* [EXERCISE BRIEF]
In the records below, repeat exactly the lines between the line holding "Christmas trees watercolor" and the line holding "На одной из", inclusive, and drop the pictures.

* [TASK INPUTS]
______

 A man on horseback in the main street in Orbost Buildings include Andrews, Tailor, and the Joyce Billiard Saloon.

______

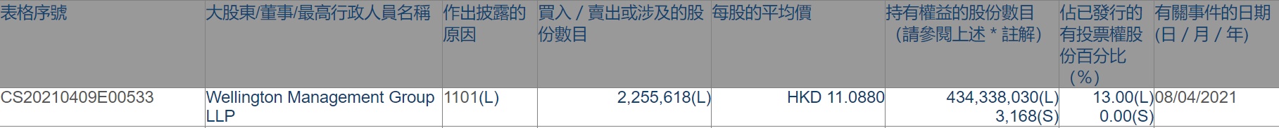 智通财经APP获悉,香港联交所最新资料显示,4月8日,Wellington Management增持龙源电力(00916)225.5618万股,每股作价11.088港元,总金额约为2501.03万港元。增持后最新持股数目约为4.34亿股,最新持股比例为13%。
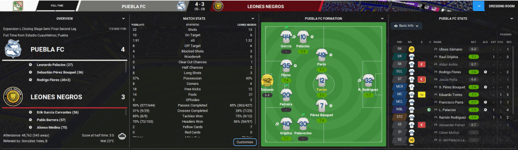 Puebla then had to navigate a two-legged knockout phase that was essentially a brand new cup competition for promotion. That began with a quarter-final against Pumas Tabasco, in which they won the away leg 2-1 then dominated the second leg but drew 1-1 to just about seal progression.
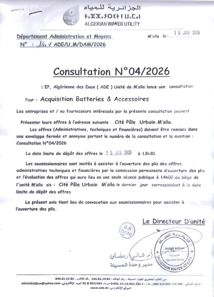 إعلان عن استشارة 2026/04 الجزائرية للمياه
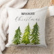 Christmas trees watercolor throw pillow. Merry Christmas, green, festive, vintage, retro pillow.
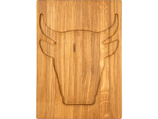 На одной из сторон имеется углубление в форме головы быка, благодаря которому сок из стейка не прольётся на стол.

______

* [FINAL ANSWER]
 Christmas trees watercolor throw pillow. Merry Christmas, green, festive, vintage, retro pillow.
 На одной из сторон имеется углубление в форме головы быка, благодаря которому сок из стейка не прольётся на стол.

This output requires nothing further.